Konuya çeşitli açılardan bakmak mümkün iken özellikle biyolojik temelli araştırmalar çok önemli açıklamalarda bulunuyor. Beynin yapısı ve nöronların işleyişi açısından bakarsak, yeni şeyler öğrenirken ya da yeni fikirlerle karşılaştığımızda, beynimizde yeni sinaptik bağlantılar oluşmaya başlıyor. Bir başka deyişle doğa, bol sinaptik bağlantılarınızın olduğu beyin bölgelerinde yeni sinaptik bağlantılar oluşturmayı kolayca gerçekleştirmemize olanak sağlıyor. Bu sayede güçlü olduğumuz alanlarda öğrenme ve gelişmeye yatkın ve açık oluyoruz. Böylece güçlü olduğumuz yerde en fazla gelişmeyi göstermemiz olanaklı hale geliyor ve belirli bir konuda veya işte, sürekli olarak kusursuza yakın performans oluşturmamız mümkün olabiliyor. Nitekim başarılı insanların ortak özelliği de hangi özellikleri iyiyse, enerjilerinin ve güçlerinin önemli bir kısmını söz konusu özelliklerini daha da güçlendirmeye odaklamış olmaları. Zayıf alanları güçlendirmek, bu yönüyle zaman ve enerji israfına neden oluyor. Olumsuzlukları gidererek olumluya daha kolay ulaşamıyoruz.

Güç Bende Artık!

Ünlü yönetim düşünürü Peter Drucker 1966’da yayınlanan “The Effective Executive” isimli kitabında güçlü yönlere odaklı başarının önemini fark etmiş olarak etkili yöneticilerin kendi güçlü yönleri, üstlerinin gücü, meslektaş­larının gücü, kendine bağlı olanların gücü ve koşulların gücü ile başarılı olabileceklerinden söz ediyor. Pozitif psikolojinin öncü ismi Martin Seligman ise bireylerin iyi oldukları alanlar konusuyla psikoloji biliminin daha fazla ilgilenmesi gerektiğini söylüyor. Günümüze daha yakın çalışmalara baktığımızda ise Gallup’tan Clifton ve Buckingham’ın çalışmaları da iş yaşamında güçlü yönlere odaklı başarının öneminden söz ediyor.

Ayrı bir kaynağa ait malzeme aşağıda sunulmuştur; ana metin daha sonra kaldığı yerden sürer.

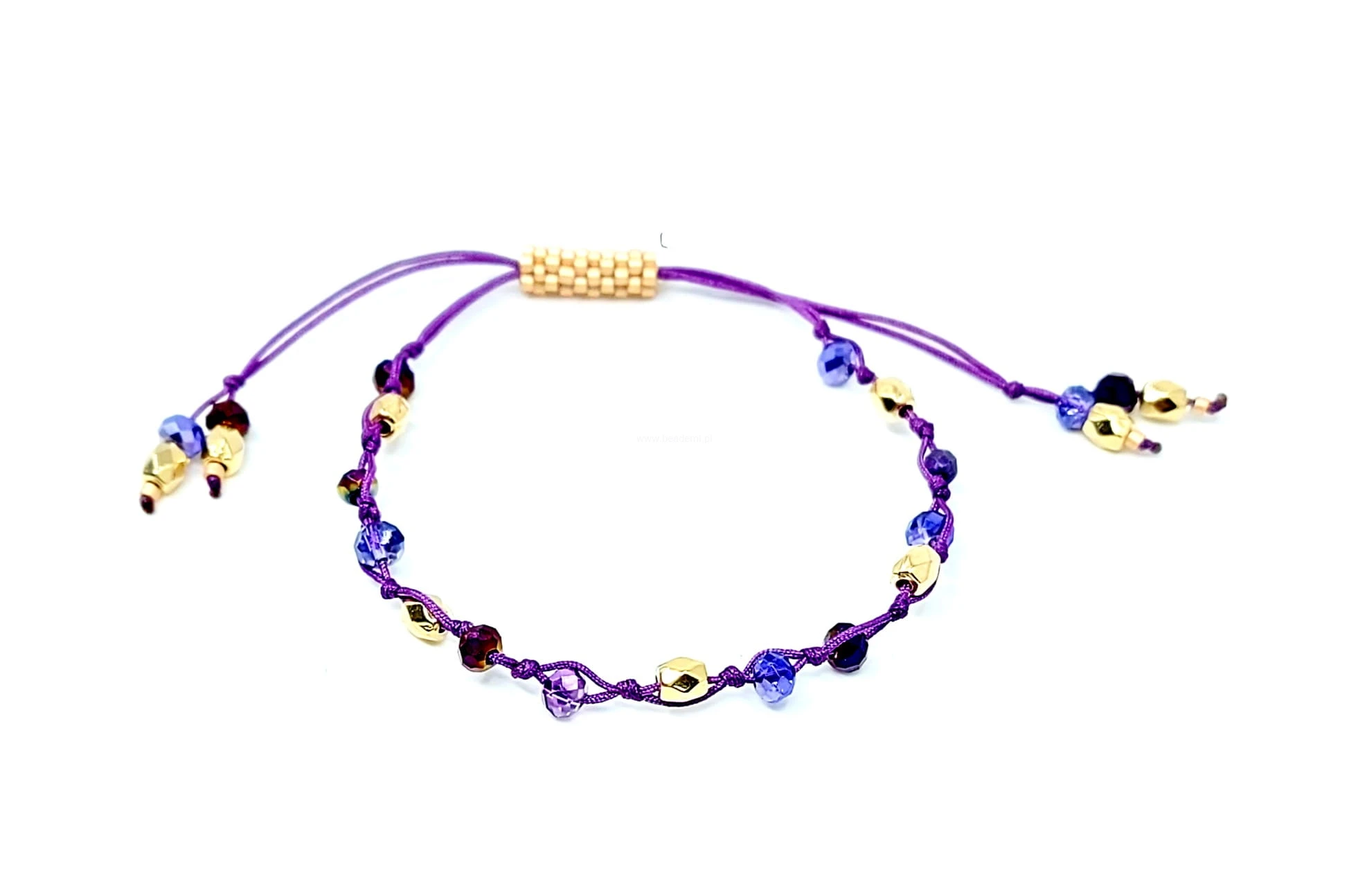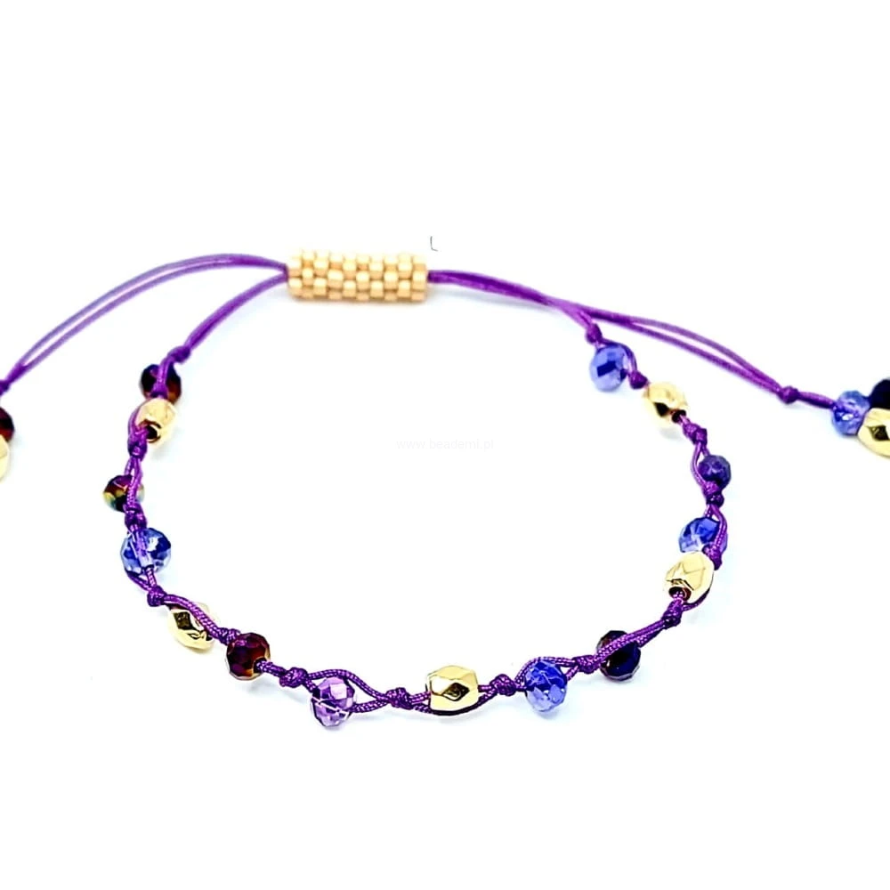 Oprócz szklanych kryształków w kolorze fioletu i złota znajdziesz tutaj trwałą tulejkę wykonaną ze szklanych, japońskich koralików Toho. Tulejka trzyma ciasno nitki, więc bransoletka trzyma się mocno na nadgarstku. Jeśli chcesz ściągnąć nitki łap za największe kryształki po bokach tulejki.;-)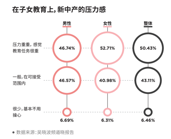 现实也是如此。《2020年新中产白皮书》的数据显示,男女教育焦虑的比例为4:6。而且当被问到对于教育有什么感受时,有一半的人表示自己压力重重,其中仍然是女性居多。

Evet, günümüzün rekabetçi ortamı en kısa sürede kalabalıklardan sıyrılarak fark yaratmamızı bekliyor ve bunu ödüllendiriyor. Bu süreçte kendimizi geliştirmeyi ve yönetmeyi öğrenmek kaçınılmaz bir zorunluluk. Çocukluğumuzun çizgi filmi He-Man’in sihirli dönüşüm sözleri günümüzde iş başarısının sloganı olmaya aday. Öyleyse güçlü alanlarımıza odaklanarak “Güç bende artık!” diyelim.